__Task details__. When the line with "Module 8 Ответы" appears below, start repeating lines exactly, and keep going through the line with "Elegant silver hair"; add nothing outside that span.

------------------------------------

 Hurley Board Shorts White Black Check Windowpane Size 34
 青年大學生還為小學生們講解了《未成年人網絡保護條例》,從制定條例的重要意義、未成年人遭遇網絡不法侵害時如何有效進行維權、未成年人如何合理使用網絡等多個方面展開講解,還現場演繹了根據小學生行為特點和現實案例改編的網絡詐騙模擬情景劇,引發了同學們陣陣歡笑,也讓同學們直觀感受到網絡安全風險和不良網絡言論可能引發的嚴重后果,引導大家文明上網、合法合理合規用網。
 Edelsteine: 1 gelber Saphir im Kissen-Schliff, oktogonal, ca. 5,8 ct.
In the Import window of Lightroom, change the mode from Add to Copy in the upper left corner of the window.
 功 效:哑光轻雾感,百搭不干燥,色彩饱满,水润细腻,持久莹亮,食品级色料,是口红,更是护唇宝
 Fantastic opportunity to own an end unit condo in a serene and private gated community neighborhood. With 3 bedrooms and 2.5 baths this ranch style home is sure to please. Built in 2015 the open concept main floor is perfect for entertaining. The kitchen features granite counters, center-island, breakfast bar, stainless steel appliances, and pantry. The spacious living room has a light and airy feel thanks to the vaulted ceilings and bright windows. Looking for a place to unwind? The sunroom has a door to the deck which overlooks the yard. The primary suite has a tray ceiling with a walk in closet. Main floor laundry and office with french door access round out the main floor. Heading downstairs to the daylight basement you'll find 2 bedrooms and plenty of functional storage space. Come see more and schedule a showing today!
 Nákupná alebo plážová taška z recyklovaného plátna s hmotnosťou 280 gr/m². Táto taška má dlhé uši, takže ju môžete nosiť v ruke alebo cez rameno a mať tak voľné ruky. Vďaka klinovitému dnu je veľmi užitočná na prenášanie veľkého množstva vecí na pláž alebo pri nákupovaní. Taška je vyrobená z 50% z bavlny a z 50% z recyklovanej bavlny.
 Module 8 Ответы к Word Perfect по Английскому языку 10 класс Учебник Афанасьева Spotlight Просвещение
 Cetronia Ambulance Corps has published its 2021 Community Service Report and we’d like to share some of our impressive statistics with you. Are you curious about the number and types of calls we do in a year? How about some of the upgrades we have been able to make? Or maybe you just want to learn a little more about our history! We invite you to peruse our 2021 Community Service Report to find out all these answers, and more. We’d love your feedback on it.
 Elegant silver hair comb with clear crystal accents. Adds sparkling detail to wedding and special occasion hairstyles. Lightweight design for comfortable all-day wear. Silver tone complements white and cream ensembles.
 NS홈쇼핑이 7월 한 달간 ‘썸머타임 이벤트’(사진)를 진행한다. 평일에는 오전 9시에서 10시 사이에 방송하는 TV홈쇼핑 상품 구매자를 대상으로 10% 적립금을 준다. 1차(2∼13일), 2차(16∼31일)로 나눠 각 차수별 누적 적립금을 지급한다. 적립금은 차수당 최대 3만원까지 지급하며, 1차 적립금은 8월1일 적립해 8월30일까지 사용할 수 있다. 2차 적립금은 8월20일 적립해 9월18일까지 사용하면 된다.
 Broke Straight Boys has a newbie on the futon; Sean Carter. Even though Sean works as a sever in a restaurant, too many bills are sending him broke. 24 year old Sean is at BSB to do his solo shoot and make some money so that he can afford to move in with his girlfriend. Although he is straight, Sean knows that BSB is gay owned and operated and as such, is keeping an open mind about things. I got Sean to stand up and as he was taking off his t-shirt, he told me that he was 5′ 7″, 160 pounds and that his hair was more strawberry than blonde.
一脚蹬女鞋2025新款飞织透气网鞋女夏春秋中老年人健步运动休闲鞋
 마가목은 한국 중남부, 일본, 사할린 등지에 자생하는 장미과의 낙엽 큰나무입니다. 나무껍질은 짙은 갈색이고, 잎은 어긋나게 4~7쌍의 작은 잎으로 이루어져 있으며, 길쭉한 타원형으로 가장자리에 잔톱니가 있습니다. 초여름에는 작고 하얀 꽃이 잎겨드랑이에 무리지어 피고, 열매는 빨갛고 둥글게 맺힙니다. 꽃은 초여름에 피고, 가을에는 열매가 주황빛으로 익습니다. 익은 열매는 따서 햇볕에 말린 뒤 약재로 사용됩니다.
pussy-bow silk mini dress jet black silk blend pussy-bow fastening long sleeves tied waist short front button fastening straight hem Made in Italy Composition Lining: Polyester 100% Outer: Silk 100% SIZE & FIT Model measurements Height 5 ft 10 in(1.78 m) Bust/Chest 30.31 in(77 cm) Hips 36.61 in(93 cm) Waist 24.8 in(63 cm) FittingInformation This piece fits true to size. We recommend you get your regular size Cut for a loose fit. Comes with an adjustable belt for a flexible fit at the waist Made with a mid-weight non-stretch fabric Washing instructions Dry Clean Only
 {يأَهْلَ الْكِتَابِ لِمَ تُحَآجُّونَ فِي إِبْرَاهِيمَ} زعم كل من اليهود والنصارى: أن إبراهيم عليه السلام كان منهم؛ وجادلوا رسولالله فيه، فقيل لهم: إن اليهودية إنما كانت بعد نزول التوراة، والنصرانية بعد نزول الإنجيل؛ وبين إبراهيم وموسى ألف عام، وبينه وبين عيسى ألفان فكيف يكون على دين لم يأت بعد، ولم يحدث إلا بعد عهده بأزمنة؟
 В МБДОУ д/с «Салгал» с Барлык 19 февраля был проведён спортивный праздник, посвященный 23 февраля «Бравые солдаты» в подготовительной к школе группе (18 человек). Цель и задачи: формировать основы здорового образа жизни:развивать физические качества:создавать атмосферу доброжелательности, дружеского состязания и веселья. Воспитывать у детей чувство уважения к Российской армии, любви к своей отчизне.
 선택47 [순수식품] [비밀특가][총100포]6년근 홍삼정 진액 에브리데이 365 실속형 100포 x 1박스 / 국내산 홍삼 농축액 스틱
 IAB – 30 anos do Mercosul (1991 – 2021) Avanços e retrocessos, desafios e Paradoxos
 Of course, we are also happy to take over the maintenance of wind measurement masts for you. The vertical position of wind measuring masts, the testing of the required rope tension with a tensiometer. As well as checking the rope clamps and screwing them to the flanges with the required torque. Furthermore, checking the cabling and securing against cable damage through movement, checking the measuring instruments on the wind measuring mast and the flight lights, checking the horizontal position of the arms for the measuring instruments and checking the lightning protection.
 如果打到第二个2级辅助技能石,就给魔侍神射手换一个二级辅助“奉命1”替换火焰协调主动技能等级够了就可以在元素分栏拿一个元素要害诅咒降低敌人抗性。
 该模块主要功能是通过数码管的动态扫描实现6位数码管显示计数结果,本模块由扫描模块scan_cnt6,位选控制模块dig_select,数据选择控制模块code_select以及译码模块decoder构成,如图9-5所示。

------------------------------------

__Solution to this problem__.
 Module 8 Ответы к Word Perfect по Английскому языку 10 класс Учебник Афанасьева Spotlight Просвещение
 Cetronia Ambulance Corps has published its 2021 Community Service Report and we’d like to share some of our impressive statistics with you. Are you curious about the number and types of calls we do in a year? How about some of the upgrades we have been able to make? Or maybe you just want to learn a little more about our history! We invite you to peruse our 2021 Community Service Report to find out all these answers, and more. We’d love your feedback on it.
 Elegant silver hair comb with clear crystal accents. Adds sparkling detail to wedding and special occasion hairstyles. Lightweight design for comfortable all-day wear. Silver tone complements white and cream ensembles.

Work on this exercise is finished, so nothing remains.